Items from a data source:
┄┄┄┄┄┄┄┄┄┄
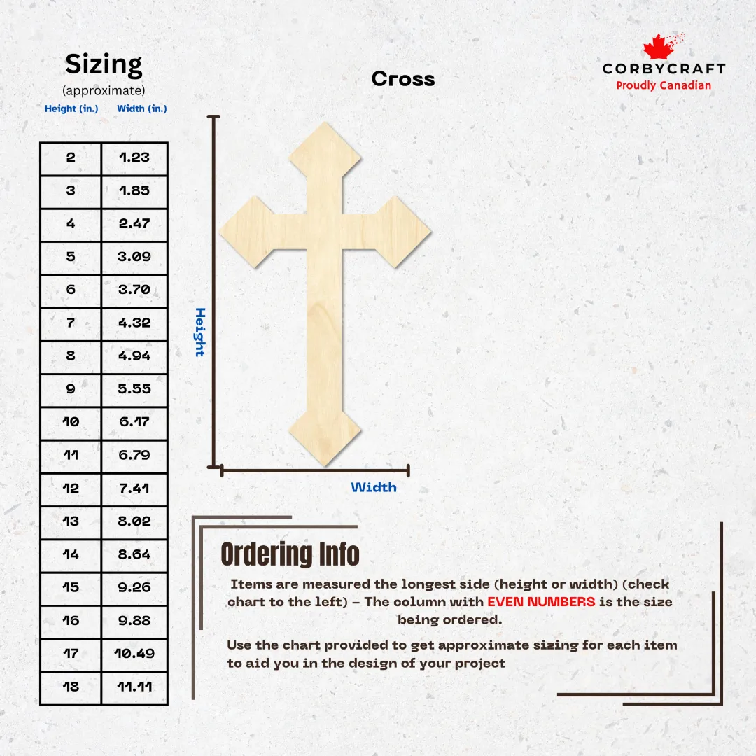 Meet Wooden Cross Cutouts #5โprecision laser-cut Baltic birch blanks ready for whatever you dream up. These unfinished wooden crosses are the perfect starting point for religious art, faith-based gifts, or meaningful home dรฉcor. Cut from quality Baltic birch plywood and available in 1/8″ or 1/4″ thickness, they’re smooth, ready to customize, and built to last.
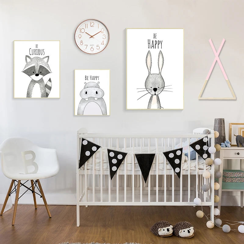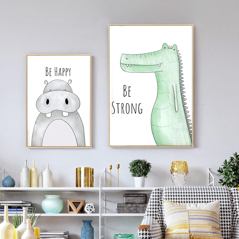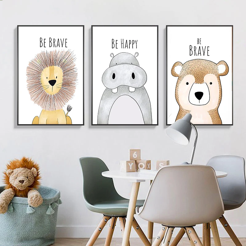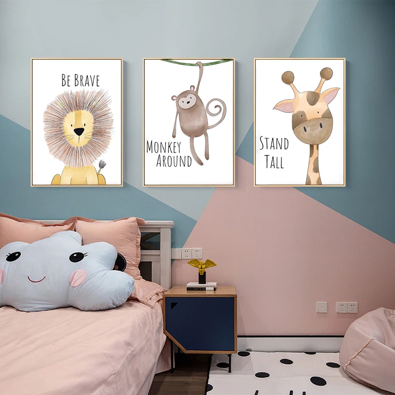 Постер для детской комнаты с изображением животных, Льва, медведя, жирафа
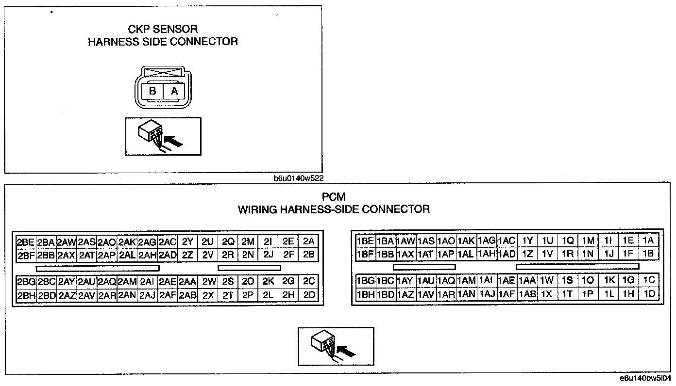 - If the CKP sensor is okay, but the PID value is out of specification, perform the "Circuit Open/Short Inspection".
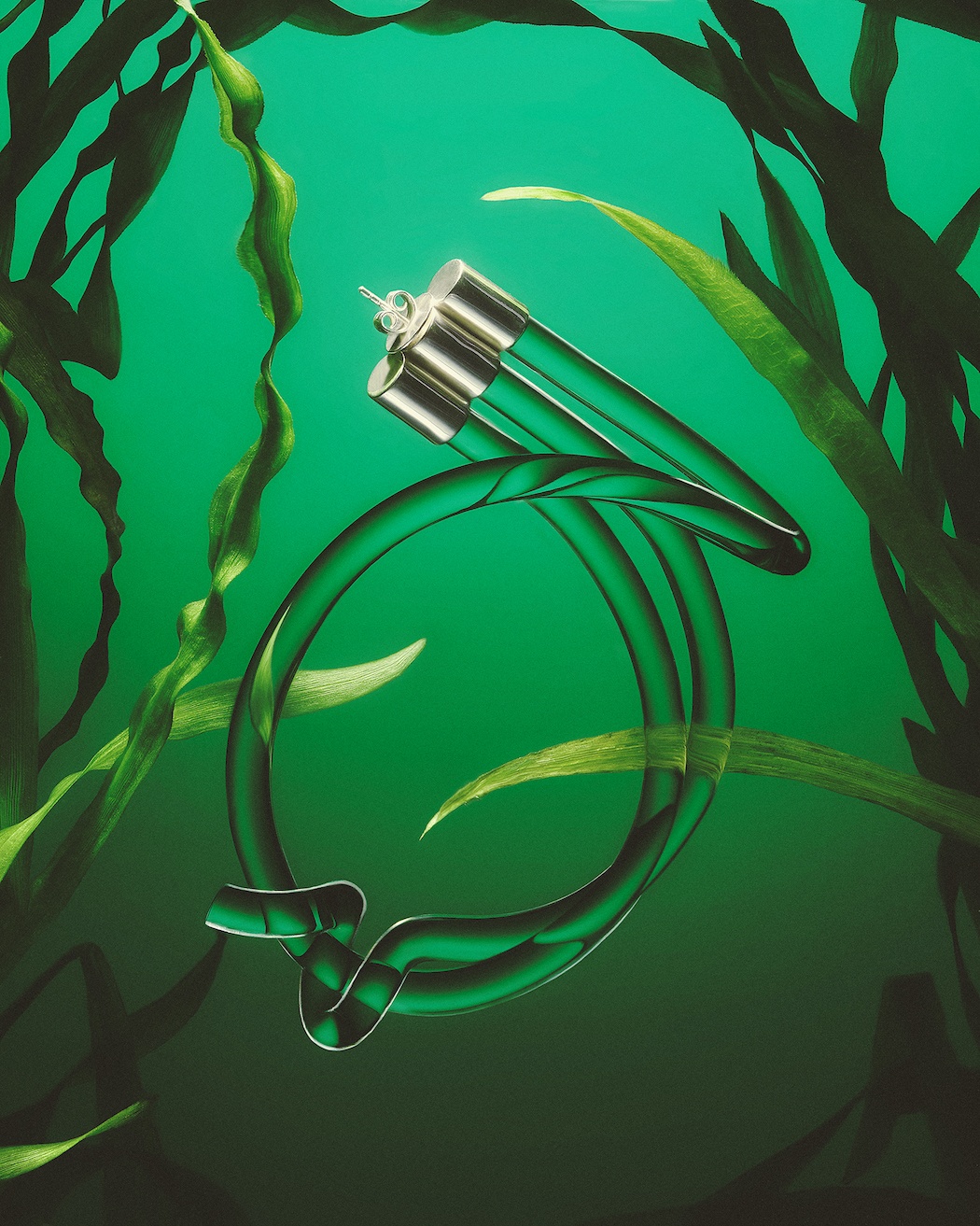 This series of images has been developed by Romain Roucoules and Anna Piasek. The images represent perfectly the collection and each piece is shown in a dedicated underwater universe.”
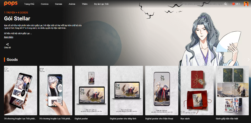 Trước đó, ngày 29/12 vừa qua, POPS và M-TP Entertainment đã chính thức ra mắt truyện tranh Lạc trôi, viết tiếp câu chuyện của vị Vương tử trong MV cùng tên cực kì nổi tiếng của Nghệ sĩ Sơn Tùng M-TP. Để thưởng thức bộ truyện, fan có thể lựa chọn một trong ba gói đọc (Star, Stellar, Sun) hoặc gói sản phẩm đặc biệt (Sky) tương ứng với nhiều mức giá khác nhau, thấp nhất từ 144.000 đồng đến 20.000.000 đồng. Các vật phẩm trong các gói bán này đã nhận được nhiều sự chú ý của công chúng.
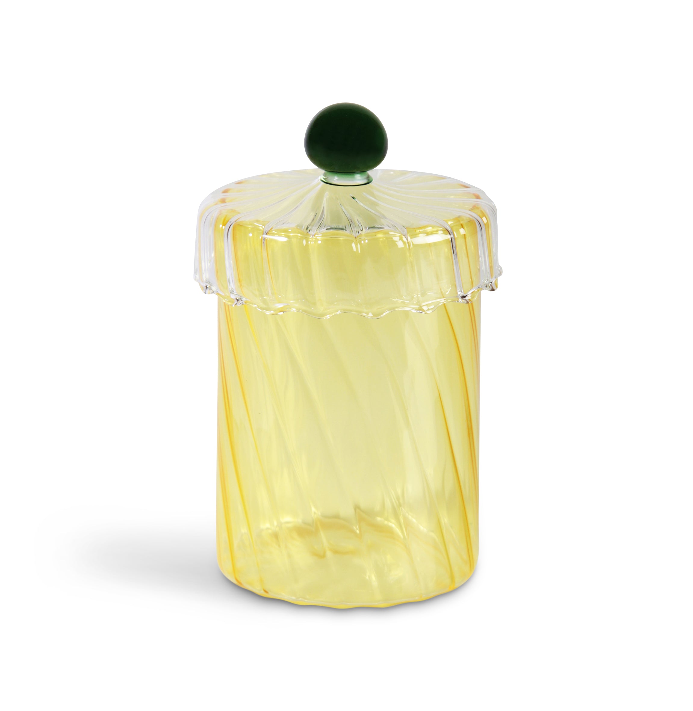 Pot en verre spiralé jaune avec couvercle transparent.
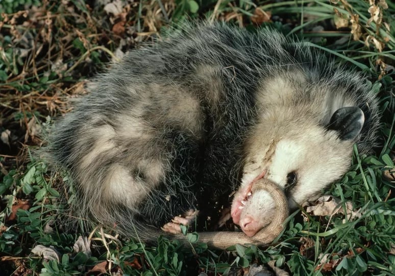 負鼠最有名的技能就是「裝死」,當牠們受到威脅的時候,會先發出嘶嘶聲並露出牙齒,如果這樣的方式嚇阻不了敵人,牠就會原地躺下、張開嘴巴、翻白眼,接著會從體內排出惡臭的氣體並把心率和呼吸速度調慢,這樣就能讓捕食者以為牠是坨腐爛的肉,而且牠們的裝死時間短至幾分鐘,最長可以到6小時!
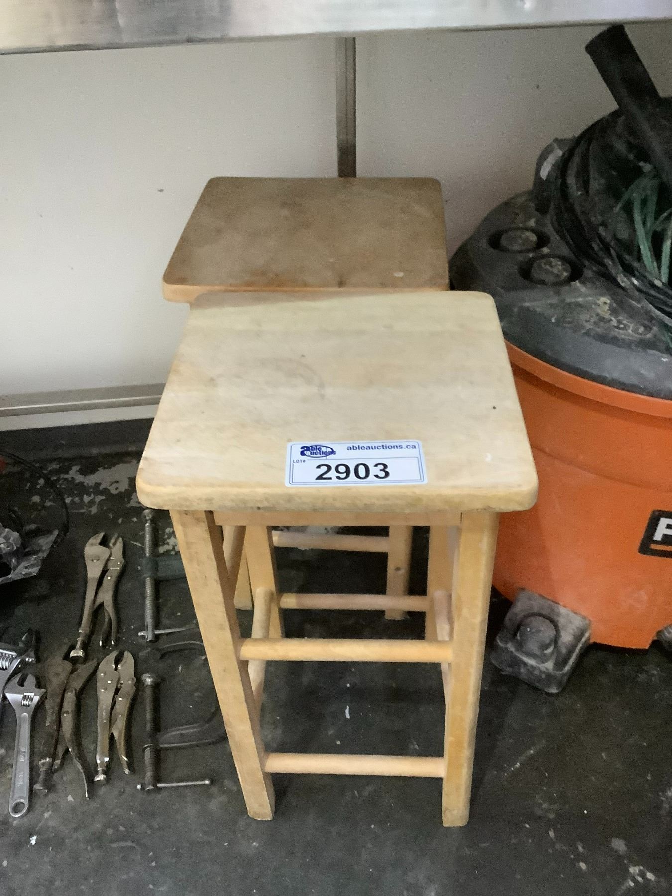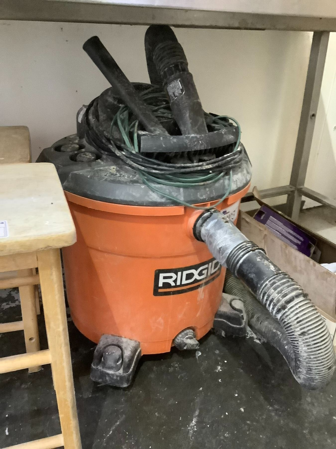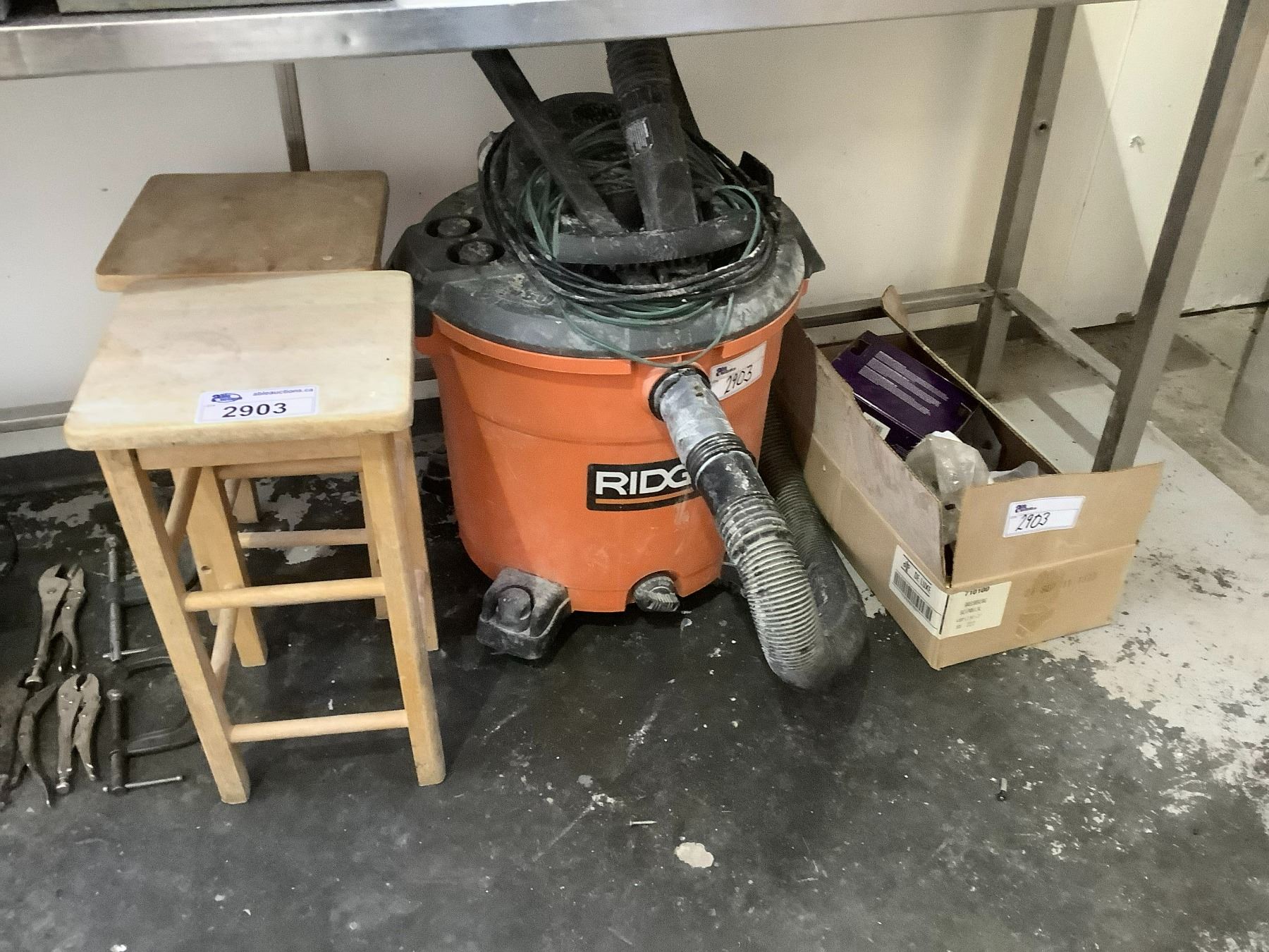 RIDGID SHOPVAC, 2 WOODEN STOOLS, ASSORTED VEHICLE LIGHTS & MORE
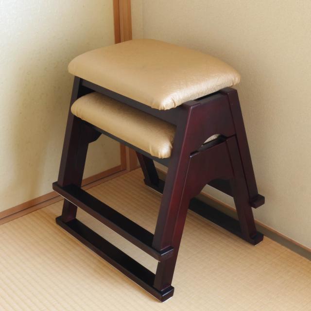 椅子 仏壇 スタッキングできる 仏壇前椅子 ゴールド 高さ37.5cm ( 仏具 イス チェア 天然木 積み重ね 法事 法要 畳 たたみ 傷みにくい クッション付き 座面高 37.5センチ 腰掛け 木製 スツール いす チェアー スタッキング )
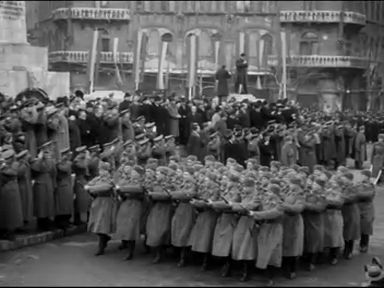 A gellérthegyi emlékmű kicsinyített mása. Dinnyés Lajos miniszterelnök beszél vendégeinek parlamenti szobájában. Szviridov altábornagy megköszöni az ajándékot. Dinnyés és Szviridov a kerekasztal mellett tárgyal.
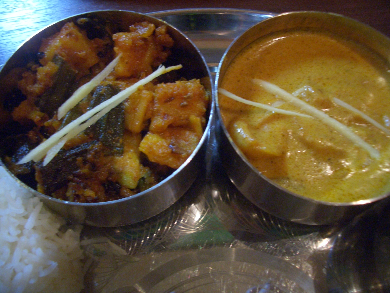 海老&マッシュルームのカレーはココナツベースで甘いのですが、ちゃんとスパイスしています。辛味は無いので辛いのが好きな人は物足りないかも。私は超好みど真ん中の味&香りでした。サブジも美味しかった。オクラとカレーって合うよね。どちらもライスよりは粉物の主食の方が合うかも?バスマティ食べたかったから良いけどね。ラッシーも優しい甘さで美味しかった~。
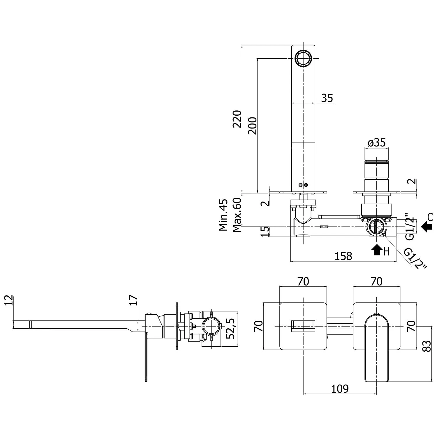 Kronenbach Omega 2.0 Waschtisch-Wandarmatur Ausladung 20 cm inkl. Grundkörper
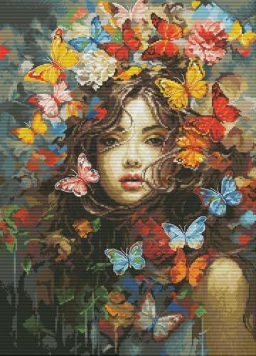 Cukol Förtryckt Broderikit Broderi Korsstygn Mönster Kit För Nybörjare,Fjäril Stämplade Broderier Korsstygnskit Korsstygnsmönster Broderimönster Korsstygnssatser Stamped Cross Stitch Kits 36 x 36 cm
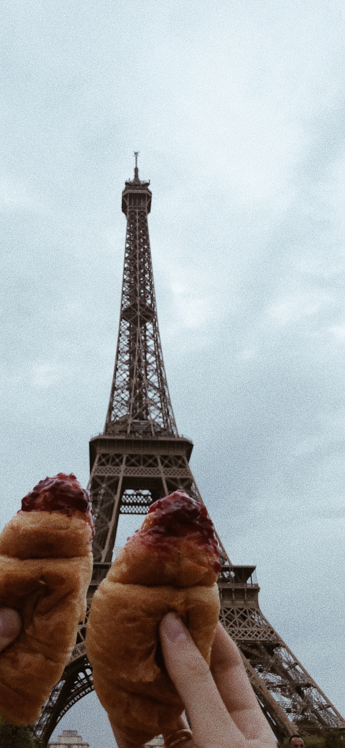 Обои Париж, Эйфелева башня, круассан, Пизанская башня, Марсово поле для iPhone X / XS, заставка, 1125x2436 картинка
┄┄┄┄┄┄┄┄┄┄
## What you will do
Transcribe every record exactly and omit each image.

## Reply
 Meet Wooden Cross Cutouts #5โprecision laser-cut Baltic birch blanks ready for whatever you dream up. These unfinished wooden crosses are the perfect starting point for religious art, faith-based gifts, or meaningful home dรฉcor. Cut from quality Baltic birch plywood and available in 1/8″ or 1/4″ thickness, they’re smooth, ready to customize, and built to last.
 Постер для детской комнаты с изображением животных, Льва, медведя, жирафа
 - If the CKP sensor is okay, but the PID value is out of specification, perform the "Circuit Open/Short Inspection".
 This series of images has been developed by Romain Roucoules and Anna Piasek. The images represent perfectly the collection and each piece is shown in a dedicated underwater universe.”
 Trước đó, ngày 29/12 vừa qua, POPS và M-TP Entertainment đã chính thức ra mắt truyện tranh Lạc trôi, viết tiếp câu chuyện của vị Vương tử trong MV cùng tên cực kì nổi tiếng của Nghệ sĩ Sơn Tùng M-TP. Để thưởng thức bộ truyện, fan có thể lựa chọn một trong ba gói đọc (Star, Stellar, Sun) hoặc gói sản phẩm đặc biệt (Sky) tương ứng với nhiều mức giá khác nhau, thấp nhất từ 144.000 đồng đến 20.000.000 đồng. Các vật phẩm trong các gói bán này đã nhận được nhiều sự chú ý của công chúng.
 Pot en verre spiralé jaune avec couvercle transparent.
 負鼠最有名的技能就是「裝死」,當牠們受到威脅的時候,會先發出嘶嘶聲並露出牙齒,如果這樣的方式嚇阻不了敵人,牠就會原地躺下、張開嘴巴、翻白眼,接著會從體內排出惡臭的氣體並把心率和呼吸速度調慢,這樣就能讓捕食者以為牠是坨腐爛的肉,而且牠們的裝死時間短至幾分鐘,最長可以到6小時!
 RIDGID SHOPVAC, 2 WOODEN STOOLS, ASSORTED VEHICLE LIGHTS & MORE
 椅子 仏壇 スタッキングできる 仏壇前椅子 ゴールド 高さ37.5cm ( 仏具 イス チェア 天然木 積み重ね 法事 法要 畳 たたみ 傷みにくい クッション付き 座面高 37.5センチ 腰掛け 木製 スツール いす チェアー スタッキング )
 A gellérthegyi emlékmű kicsinyített mása. Dinnyés Lajos miniszterelnök beszél vendégeinek parlamenti szobájában. Szviridov altábornagy megköszöni az ajándékot. Dinnyés és Szviridov a kerekasztal mellett tárgyal.
 海老&マッシュルームのカレーはココナツベースで甘いのですが、ちゃんとスパイスしています。辛味は無いので辛いのが好きな人は物足りないかも。私は超好みど真ん中の味&香りでした。サブジも美味しかった。オクラとカレーって合うよね。どちらもライスよりは粉物の主食の方が合うかも?バスマティ食べたかったから良いけどね。ラッシーも優しい甘さで美味しかった~。
 Kronenbach Omega 2.0 Waschtisch-Wandarmatur Ausladung 20 cm inkl. Grundkörper
 Cukol Förtryckt Broderikit Broderi Korsstygn Mönster Kit För Nybörjare,Fjäril Stämplade Broderier Korsstygnskit Korsstygnsmönster Broderimönster Korsstygnssatser Stamped Cross Stitch Kits 36 x 36 cm
 Обои Париж, Эйфелева башня, круассан, Пизанская башня, Марсово поле для iPhone X / XS, заставка, 1125x2436 картинка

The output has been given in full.